Did Hatchet-for-Hire stop at falsely arresting me? No, no, NO. When she found out that I will not knuckle under, she began scheming to cause my death in one of the most gruesome ways imaginable. She knew that in 1980 I had had thyroid surgery in Chapel Hill, NC, and that metal surgical staples were placed in my neck instead of absorbable surgical sutures to stop profuse bleeding. That was before MRIs were invented. Knowing that, Hatchet for Hire began pushing for a brain MRI as a condition of my bond. That, God forbade, would have cause the powerful magnetic field to violently pull the metal staples out of my neck and tear arteries, veins, nerves, and other structures in the process.
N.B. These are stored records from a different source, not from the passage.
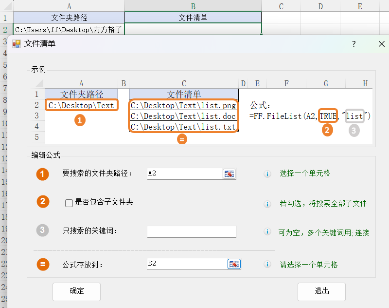 2.要搜索的文件夹路径选择A2单元格,公式存放到B2单元格,然后点击确定按钮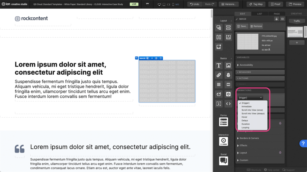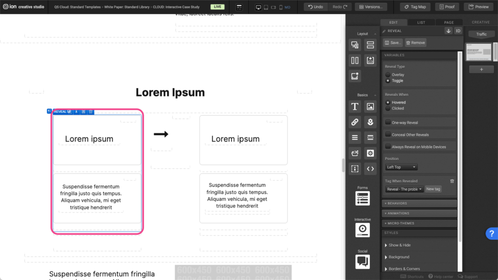 Step 1: To edit when the reveal container will appear, first select the Reveal element on the canvas.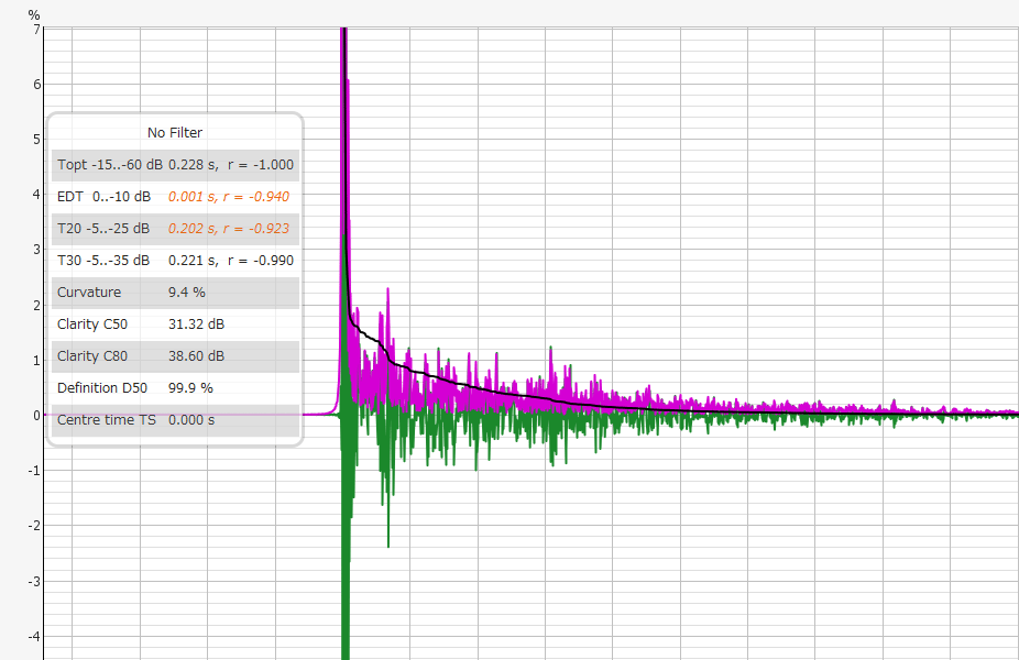 2.明瞭な音を求めるなら、音源の指向係数Qが高いスピーカーを使用。スピーカーの近くを絨毯などで吸音すると、STIの測定値がgood側に動きます。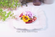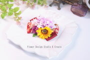 浴衣・着物髪飾りに♡パープルのダリアと向日葵の和風ヘアクリップ 和風 浴衣 七五三 浴衣 髪飾り ヘアクリップ バラ 向日葵 花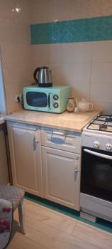 санузел - совмещённый, мебель - кухня, хранение одежды, холодильник, плита, микроволновка, стиральная машина.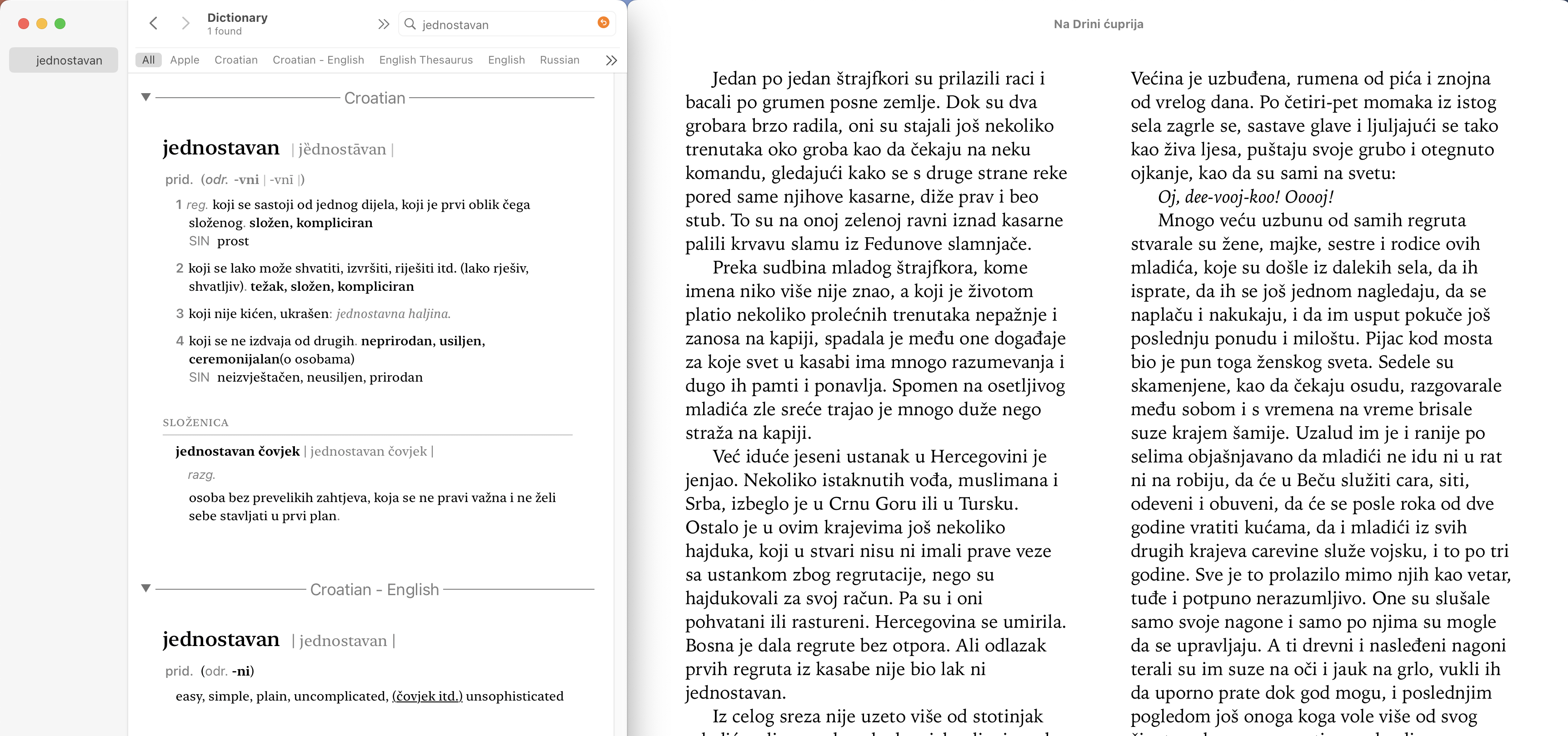 MacOS dictionary app works great. You can select dictionaries you want to use, order in which translations appear, and it updates as you type. It doesn’t need internet connection, and dictionaries quality is great. There is no Serbian dictionary, but there is a Croatian thesaurus and Croatian-English and back, which is good enough, at least for learning purposes.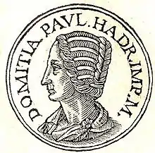 Domitia Paulina or Paullina, Domitia Paulina Major or Paulina Major, (Major Latin for the elder), also known as Paulina the Elder (?-85/86). Paulina was a Roman woman born in Spain who lived in the 1st century. She was a daughter of a distinguished senatorial family. Paulina originally came from Gades (modern Cádiz, Spain). Gades was one of the wealthiest Roman cities. Little is known of the life of Paulina. She may have been related to Domitia Lucilla the grandmother of Marcus Aurelius. G. Di Vita-Evard speculated that they might have been half-sisters.[1]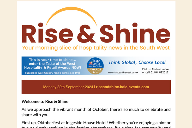 Hospitality news for the South West from Rise & Shine. September 30th 2024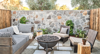 Suites feature one bedroom with a king bed, a cozy seating area with a fireplace, bathroom with an accessible tub and toilet with grab bars, bistro table for two and private a garden terrace with outdoor fire pit with lounge seating.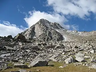 Mount Washakie (or Washakie Peak) (12,524 feet (3,817 m)) is located in the Wind River Range in the U.S. state of Wyoming.[3] The mountain is on the Continental Divide in the Bridger Wilderness of Bridger-Teton National Forest and Popo Agie Wilderness of Shoshone National Forest. Washakie Glacier lies .50 mi (0.80 km) to the southeast of the peak.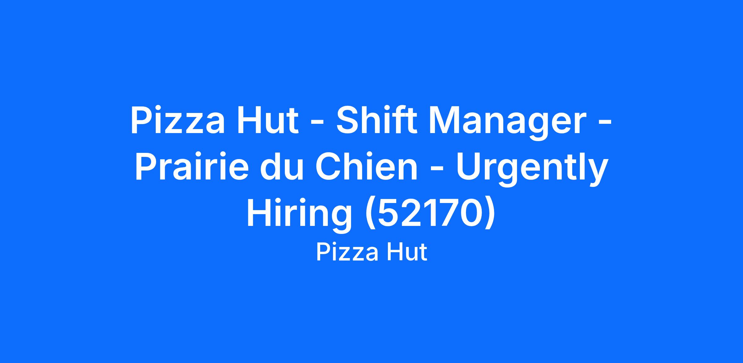 Pizza Hut - Shift Manager - Prairie du Chien - Urgently Hiring (52170)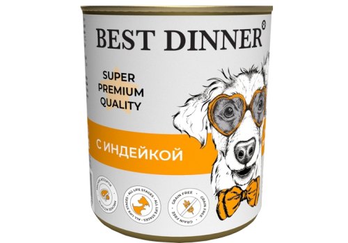 Best Dinner Super Premium Консервы Бест Диннер для собак Мясные деликатесы с Индейкой (цена за упаковку) 340г х 6шт
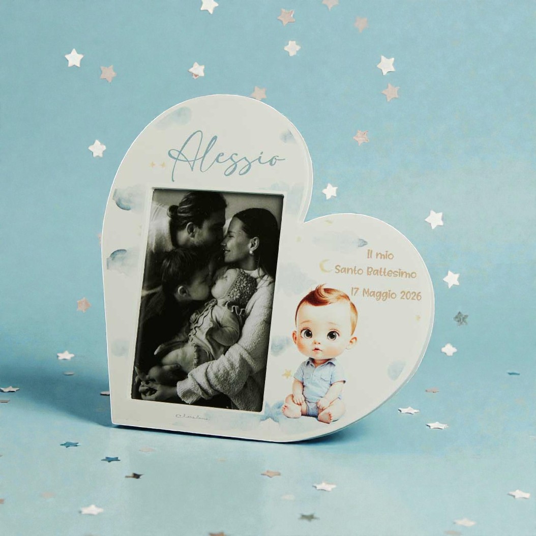 Il porta foto cuore dalle sfumature colorate chiare è una bomboniera raffinata e originale, pensata per chi desidera regalare un oggetto che unisca estetica e significato. Perfetto per matrimoni, battesimi, comunioni e anniversari, rappresenta un dono che celebra l’amore e lascia agli ospiti un ricordo prezioso e duraturo. Inoltre, il porta foto cuore si può personalizzare con il nome del festeggiato.
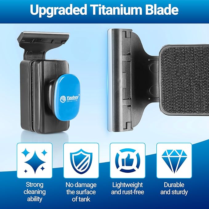 - Versatile Detachable Blade: Our aquarium glass cleaner is equipped with titanium blades, catering to various types of tanks. designed to scrape off tough algae and mineral deposits on glass/acrylic aquariums, maintaining the pristine appearance of your fish tank and enabling clearer observation of their every move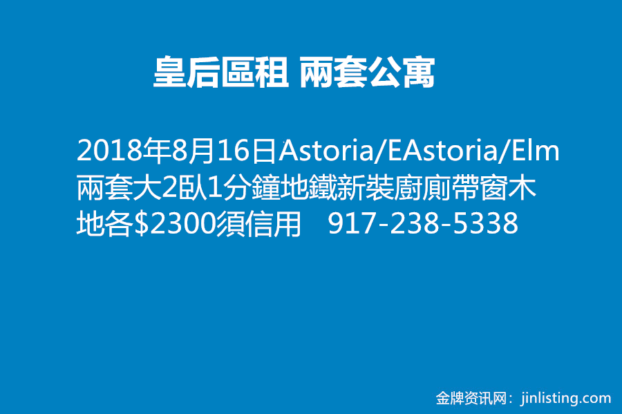 Astoria/EAstoria/Elm兩套大2臥1分鐘地鐵新裝廚廁帶窗木地各$2300須信用917-238-5338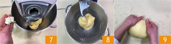 When the dough detaches from the sides of the bowl, incorporate the softened butter, one piece at a time 7, waiting for each piece to be absorbed before adding the next. Once all the butter is absorbed, knead the dough for about 10 more minutes, until smooth and compact 8. Transfer the dough to a work surface, give it a couple of folds, and form a ball 9.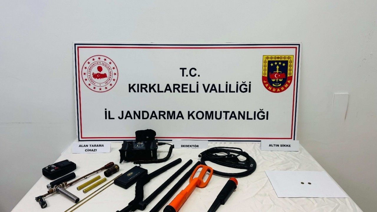 Alınan bilgiye göre, Vize ilçesinde sit alanında iş makineleri ve patlayıcı maddeler kullanılarak kaçak kazı yapıldığı bilgisine ulaşan jandarma ekipleri harekete geçti. Ekipler, Vize Cumhuriyet Başsavcılığı koordinasyonunda Kırklareli, İstanbul ve Tekirdağ’da operasyon düzenledi. Operasyonda 14 şüpheli yakalanırken, şüphelilerin evlerinde yapılan aramalarda 2 tabanca, 330 tabanca mühimmatı, 2 altın sikke, 8 dedektör, 125 sayfa define haritası, 13 kilogram patlayıcı madde, 100 metre elektrik kablosu, 4 el yapımı fünye, 2 hilti, 6 alan tarama cihazı, 3 karot makinesi, 3 kamera, 2 telsiz, gaz maskesi ile kazı malzemeleri ele geçirildi.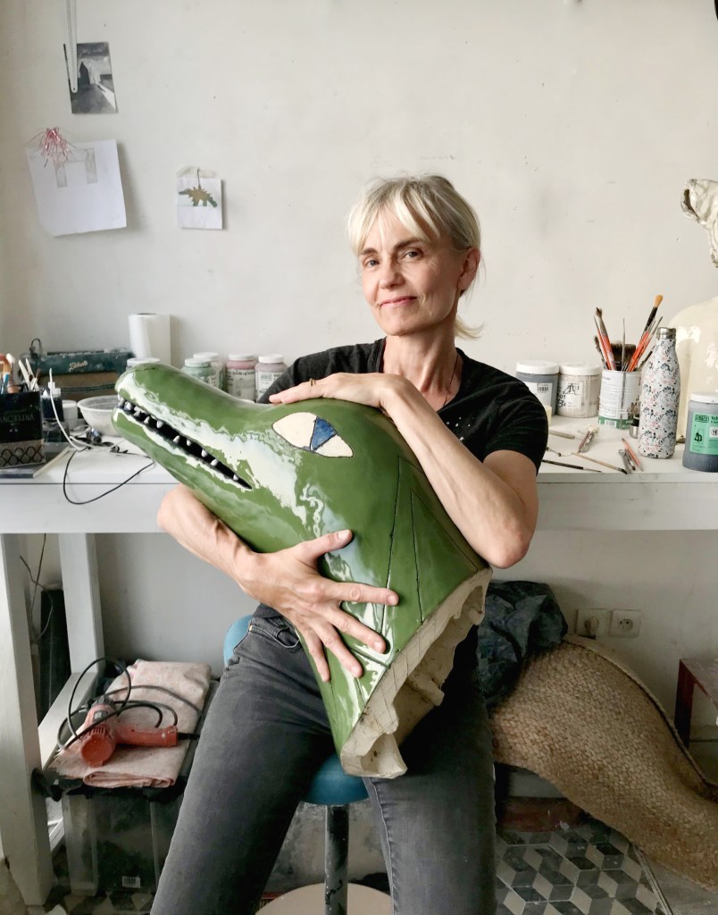 Dès son enfance, Clémentine de Chabaneix est baignée dans un écosystème de femmes où l’art et l’amour du vivant lui sont transmis. Avec sa soeur jumelle, elle est élevée par une mère comédienne dotée d’un fort caractère et d’une liberté également héritée. L’artiste se souvient d’un voyage au Brésil, d’impressions puissantes d’un vivant aussi flamboyant que mystique. “J’ai des souvenirs de serpents qui mangent des cochons, de nous qui jouons dans les sables mouvants, d’une grand-mère qui me vaudou-ise sur la table de sa cuisine.” Un héritage artistique également reçu de ses grands-parents, Claude et François Xavier Lalanne, dont l’univers à la fois sculpté et animalier, trouve de fortes résonances au sein de sa pratique. Elle se souvient des week-ends passés chez eux, réveillée par le martèlement du métal, vivant dans une grande liberté et dans l’observation constante du jardin. Elle est impressionnée par l’engagement total de ses grands-parents envers leur travail qui occupe une place centrale dans la famille. Un engagement qui la motive à son tour envers la céramique.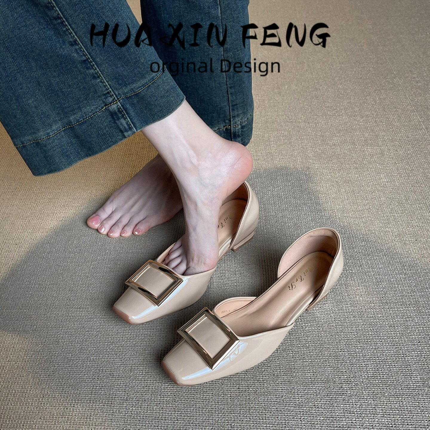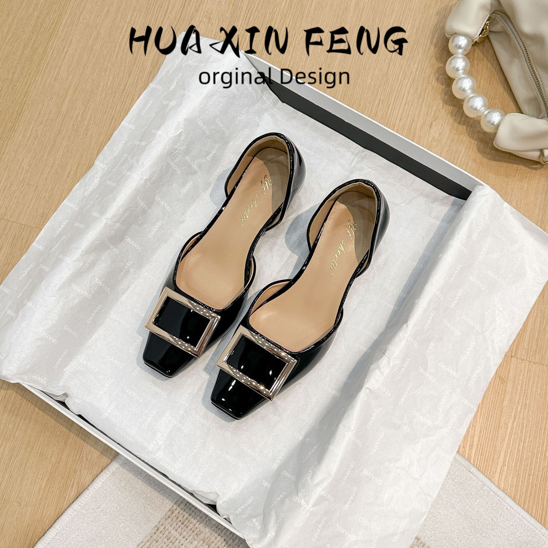 花信风 隐形内增高6CM方扣单鞋女漆皮2026新款夏季气质中空凉鞋女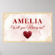 Você casa comigo? Cartaz de Proposta Romântica Coração Vermelho. Faça sua proposta de casamento ser verdadeiramente inesquecível com este elegante e personalizado cartaz "Você Casa Comigo?". Com uma sofisticada moldura dourada, fundo delicado em aquarela e um motivo de coração romântico, este letreiro pode ser personalizado com o nome de sua amada para um toque verdadeiramente pessoal.

Did she stop after I bonded out and later, thank God and WITHOUT A LAWYER did for myself what Murdaugh’s team could not do for him: prevent a jury from returning a wrongful conviction? No, no, NO. Instead of dismissing the false case against me or giving me the speedy retrial for which I was pushing, Hatchet-for-Hire actually filed a motion to find me, ME, who dazzled judges with my brilliance, mentally incompetent to continue representing myself, and get this, because of the thyroid surgery I had in 1980.
That is all in OFFICIAL transcripts.
As is the fact that Heather Weiss LIED to Judge Clifton Newman about that Corey/Cory Curry’s criminal record after Weiss had listed Curry as one of her witness but declined to call him and I wanted him as a hostile witness in my defense.
Hatchet-for-Hire Heather Weiss suborned 365 perjuries from one of the false witnesses against me. Yet, not John Meadors, not Alan Wilson, not Clifton Newman, not John Kittredge, not anyone does anything about it after being provided with the annotated transcript OBJECTIVELY proving those perjuries and subornation.
Well, the other “great” lawyers Laurie Taylor and Shaun Kent are provided with a copy of this comment and that annotated transcript; and they owe it to their clients, if not to me or to the honor of the profession, to bring Heather Weiss’ past unethical conduct to light.